***** DATASET *****

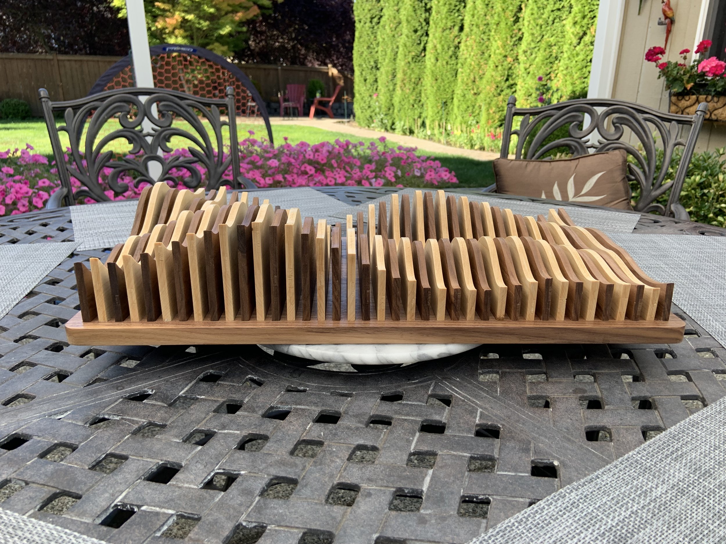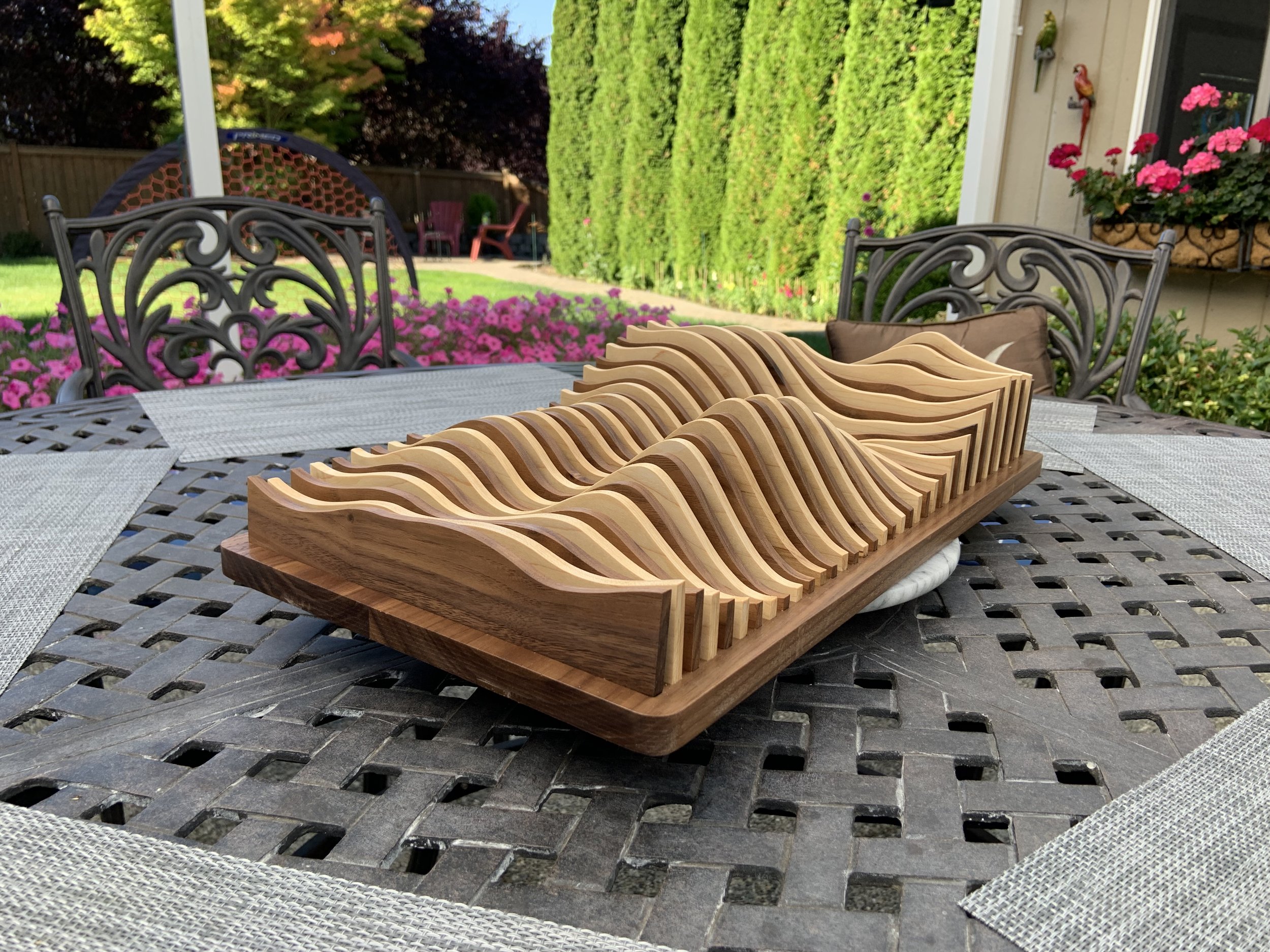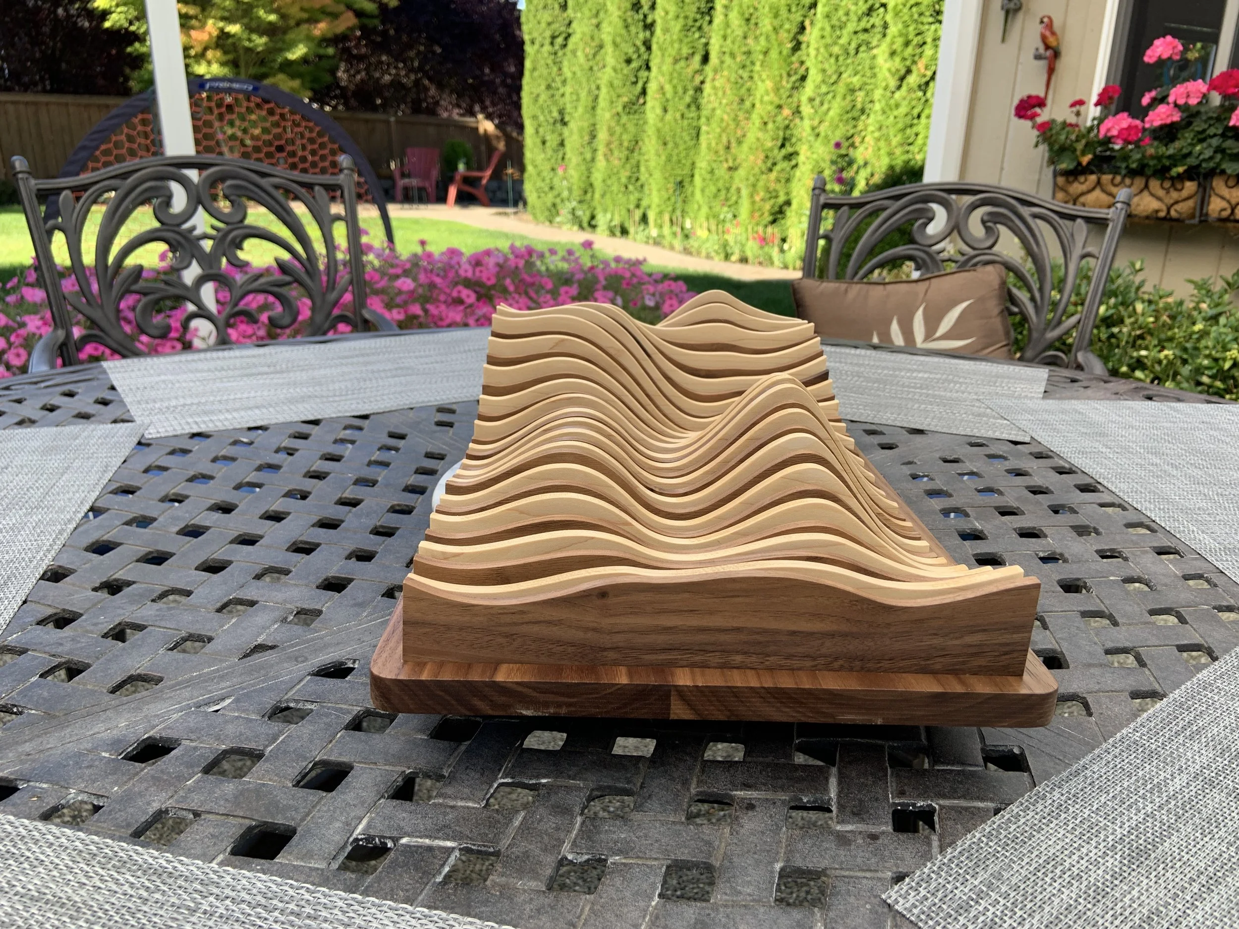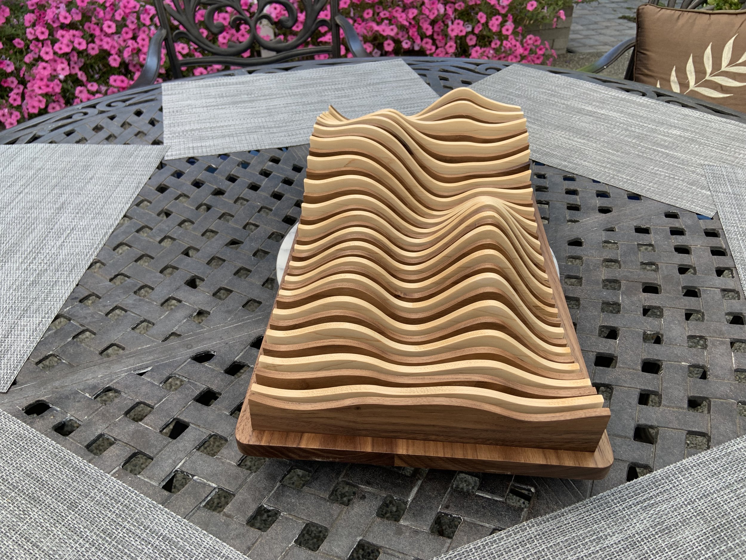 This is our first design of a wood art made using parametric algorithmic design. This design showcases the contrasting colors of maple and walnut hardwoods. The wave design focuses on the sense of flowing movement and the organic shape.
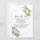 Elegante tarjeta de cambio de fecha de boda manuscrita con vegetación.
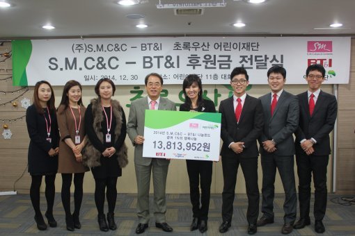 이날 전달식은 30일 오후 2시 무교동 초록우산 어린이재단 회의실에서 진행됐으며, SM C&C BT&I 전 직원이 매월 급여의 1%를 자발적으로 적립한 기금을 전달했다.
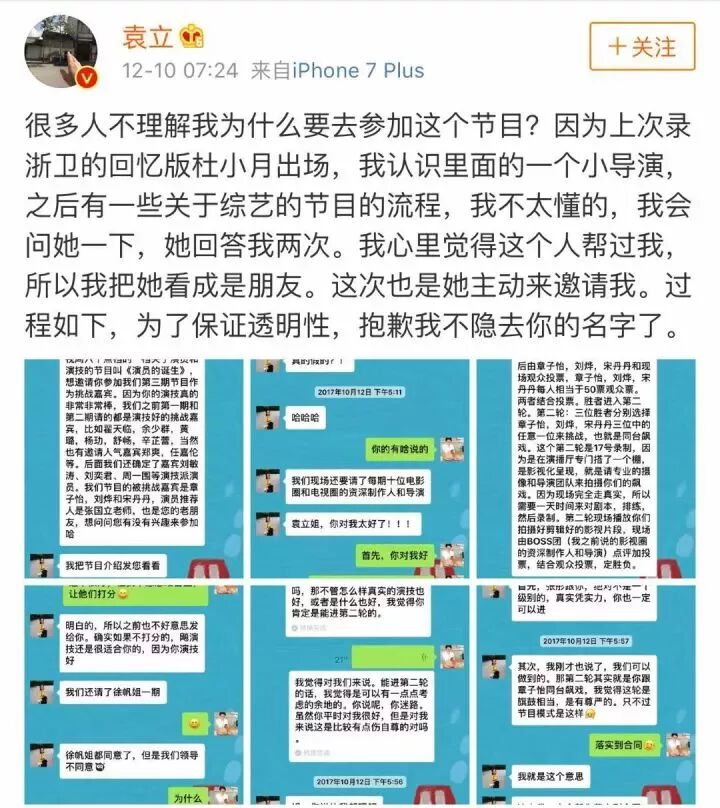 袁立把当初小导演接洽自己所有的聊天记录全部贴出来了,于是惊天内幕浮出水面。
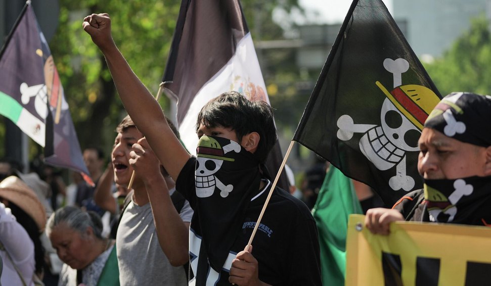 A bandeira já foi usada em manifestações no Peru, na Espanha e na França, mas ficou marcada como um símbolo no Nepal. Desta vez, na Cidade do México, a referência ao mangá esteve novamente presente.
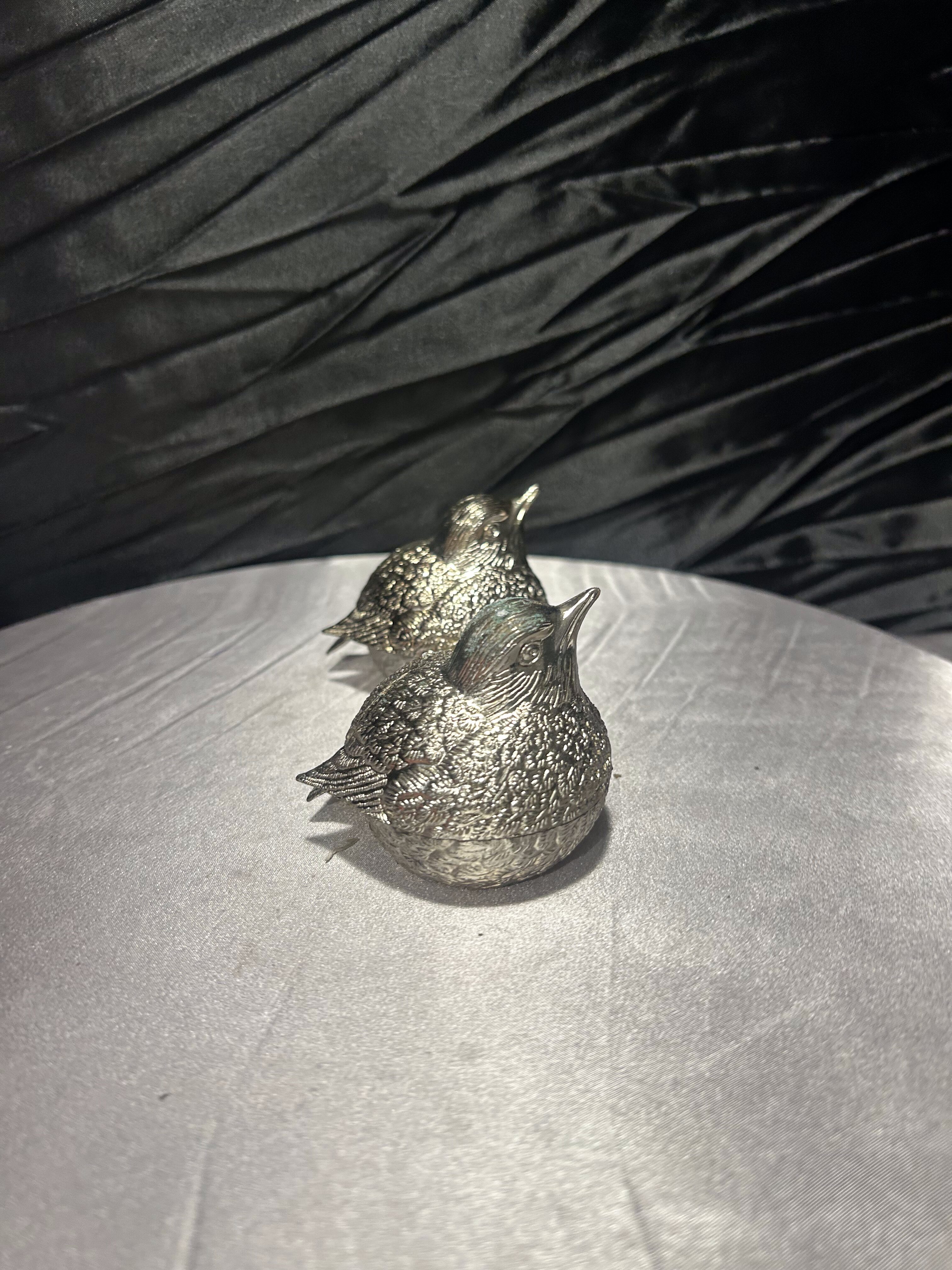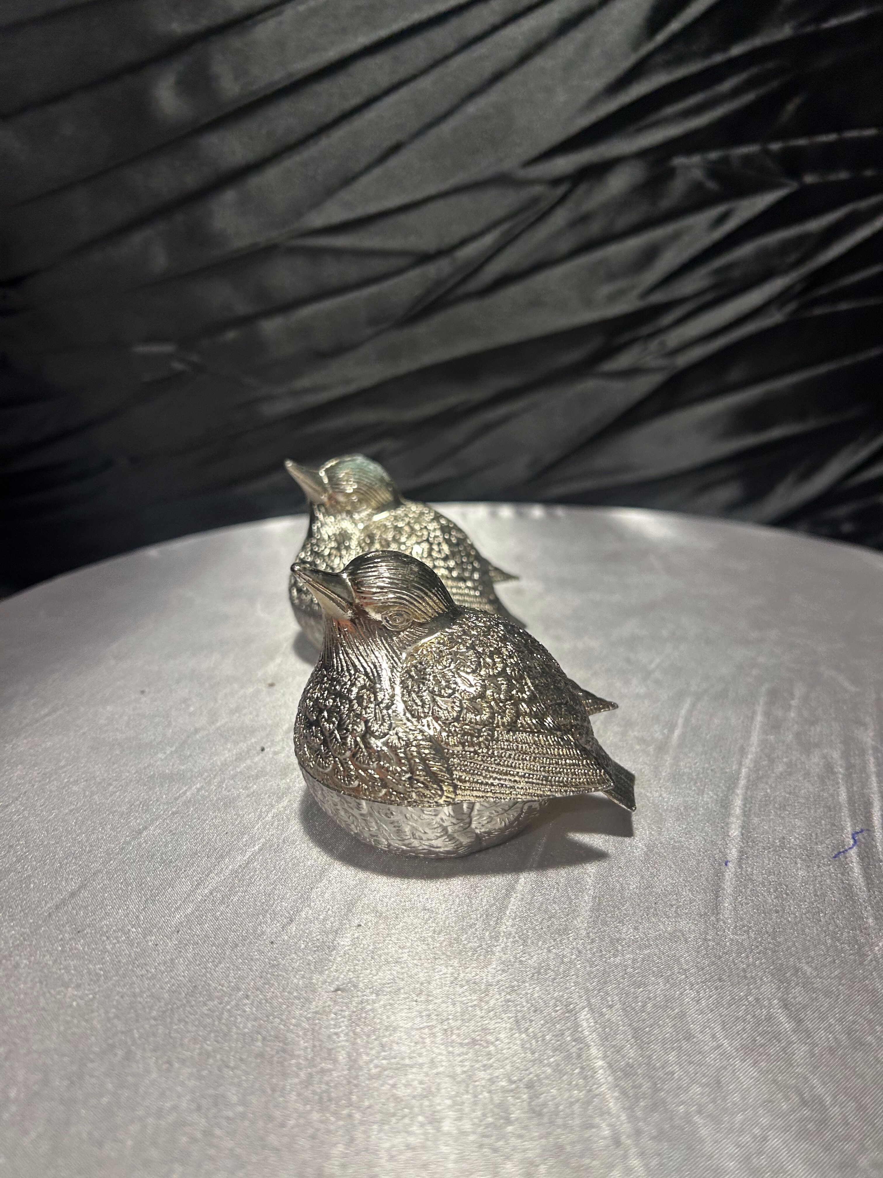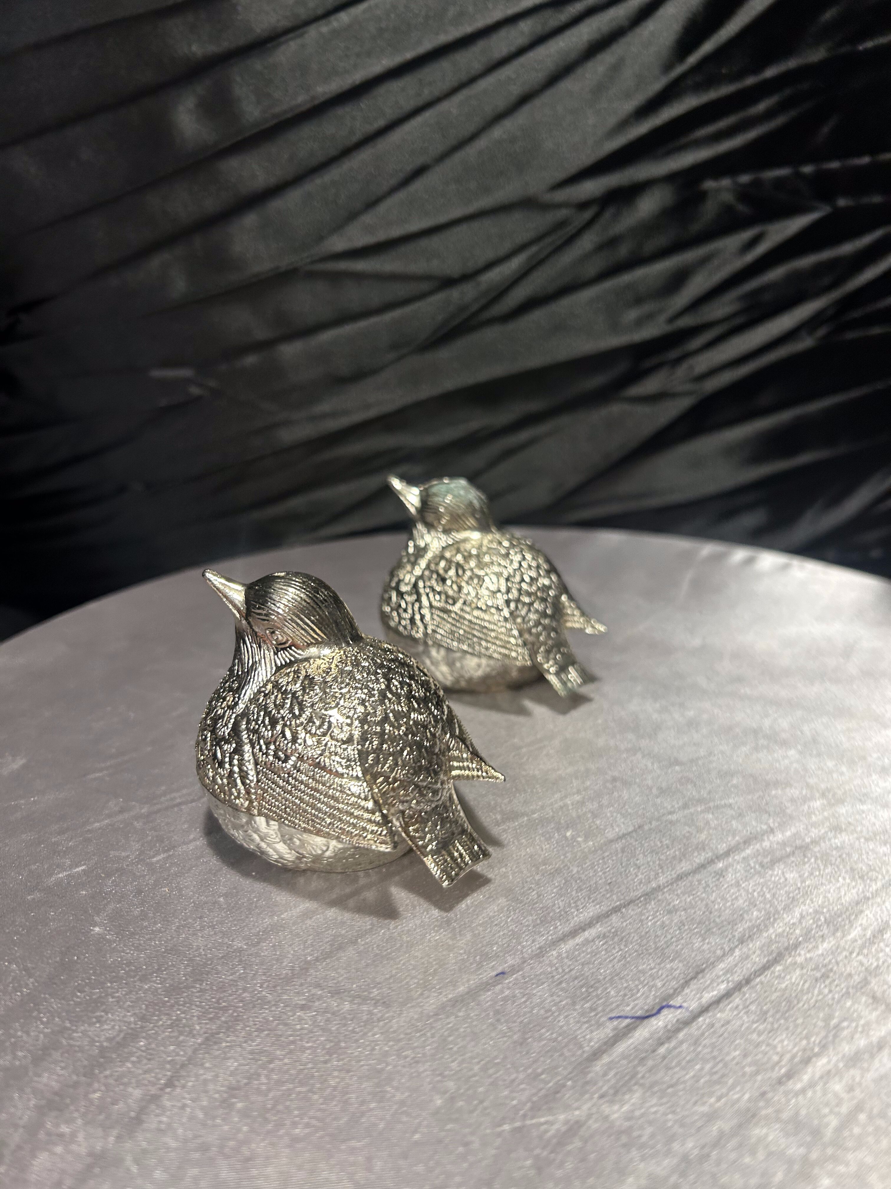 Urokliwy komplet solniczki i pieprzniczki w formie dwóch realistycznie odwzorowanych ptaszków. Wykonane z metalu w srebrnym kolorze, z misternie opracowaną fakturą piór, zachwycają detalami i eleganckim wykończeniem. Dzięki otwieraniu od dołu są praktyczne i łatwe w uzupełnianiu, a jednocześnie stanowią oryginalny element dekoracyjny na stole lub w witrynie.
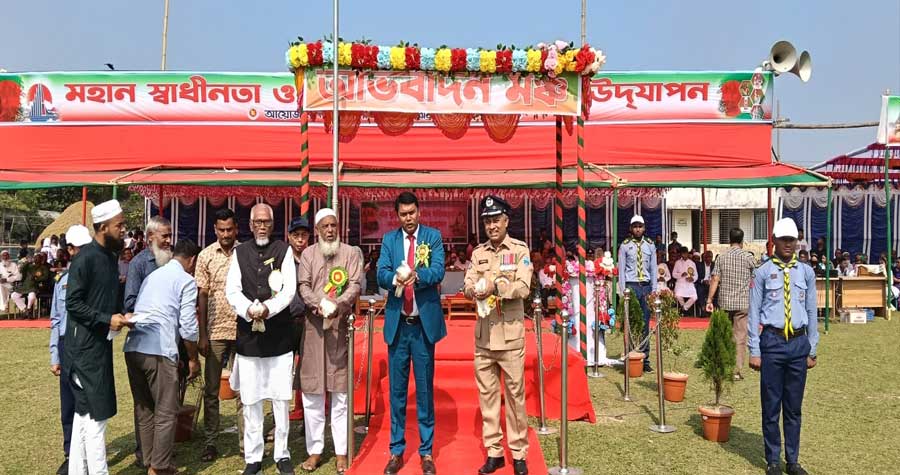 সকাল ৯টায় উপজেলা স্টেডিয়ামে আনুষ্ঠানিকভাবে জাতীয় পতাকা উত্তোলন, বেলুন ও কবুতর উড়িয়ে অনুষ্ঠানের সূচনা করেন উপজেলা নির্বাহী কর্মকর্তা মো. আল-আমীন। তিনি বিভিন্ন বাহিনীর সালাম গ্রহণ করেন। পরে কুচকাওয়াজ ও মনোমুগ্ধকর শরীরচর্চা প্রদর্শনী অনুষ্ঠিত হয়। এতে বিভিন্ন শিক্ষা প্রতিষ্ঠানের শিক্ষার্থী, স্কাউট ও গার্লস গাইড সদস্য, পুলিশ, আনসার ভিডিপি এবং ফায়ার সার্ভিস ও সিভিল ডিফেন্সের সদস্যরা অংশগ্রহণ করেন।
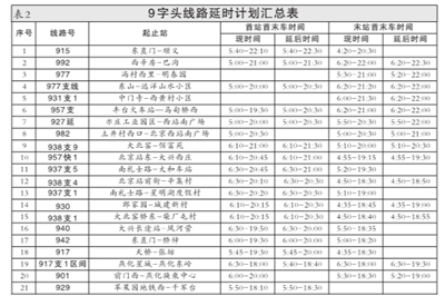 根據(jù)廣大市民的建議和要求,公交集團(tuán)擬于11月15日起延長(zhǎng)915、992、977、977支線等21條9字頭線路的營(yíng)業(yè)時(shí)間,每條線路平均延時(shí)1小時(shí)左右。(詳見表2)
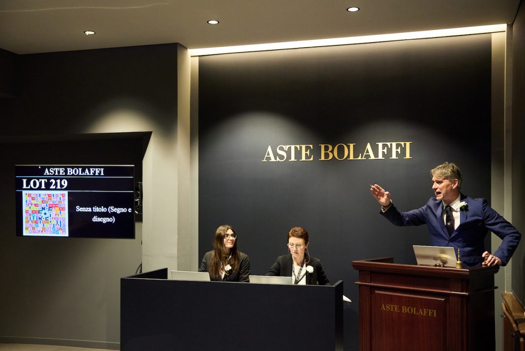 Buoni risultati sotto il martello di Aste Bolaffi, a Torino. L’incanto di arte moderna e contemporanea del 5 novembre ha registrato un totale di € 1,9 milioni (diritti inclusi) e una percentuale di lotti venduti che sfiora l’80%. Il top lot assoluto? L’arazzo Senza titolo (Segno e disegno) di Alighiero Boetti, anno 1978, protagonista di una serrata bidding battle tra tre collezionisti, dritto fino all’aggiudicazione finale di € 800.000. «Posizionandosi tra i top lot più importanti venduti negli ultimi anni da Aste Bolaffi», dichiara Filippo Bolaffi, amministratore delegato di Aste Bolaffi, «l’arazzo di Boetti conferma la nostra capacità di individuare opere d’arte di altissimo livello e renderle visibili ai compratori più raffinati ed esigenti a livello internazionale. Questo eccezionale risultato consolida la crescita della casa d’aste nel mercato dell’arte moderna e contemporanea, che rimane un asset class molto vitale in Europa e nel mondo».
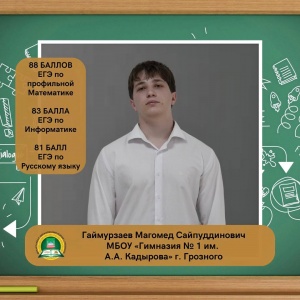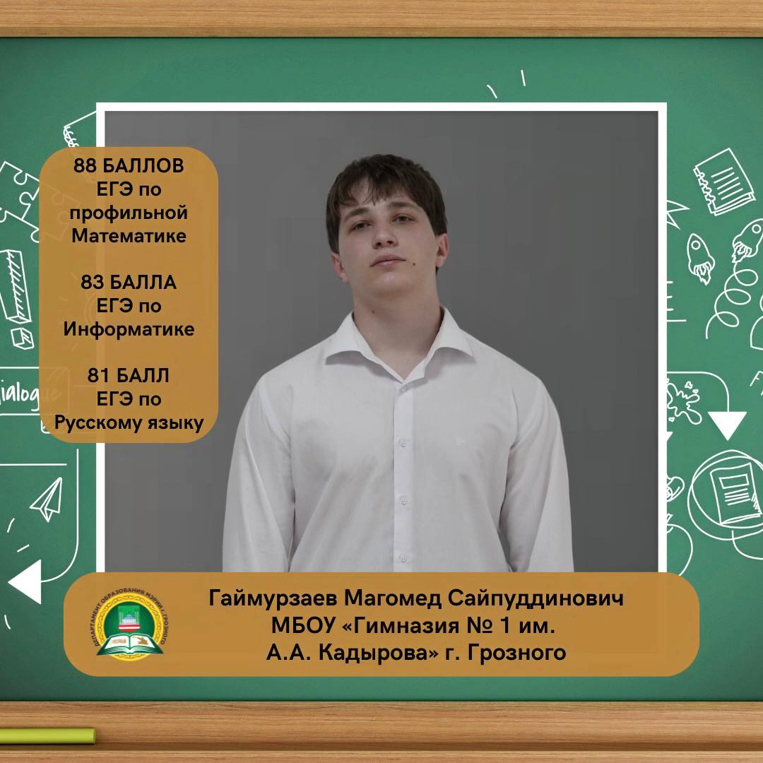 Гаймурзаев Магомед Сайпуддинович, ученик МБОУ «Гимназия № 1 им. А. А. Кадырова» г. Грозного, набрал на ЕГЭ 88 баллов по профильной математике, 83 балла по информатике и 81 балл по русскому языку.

*****

(REQUIRED ACTION): Each line, from the beginning of the listing to the line bearing "袁立把当初小导演接洽自己所有的聊天记录全部贴出来了,于是惊天内幕浮出水面。" inclusive, should be copied exactly; the pictures stay out.

(EXERCISE SOLUTION):
 This is our first design of a wood art made using parametric algorithmic design. This design showcases the contrasting colors of maple and walnut hardwoods. The wave design focuses on the sense of flowing movement and the organic shape.
 Elegante tarjeta de cambio de fecha de boda manuscrita con vegetación.
 이날 전달식은 30일 오후 2시 무교동 초록우산 어린이재단 회의실에서 진행됐으며, SM C&C BT&I 전 직원이 매월 급여의 1%를 자발적으로 적립한 기금을 전달했다.
 袁立把当初小导演接洽自己所有的聊天记录全部贴出来了,于是惊天内幕浮出水面。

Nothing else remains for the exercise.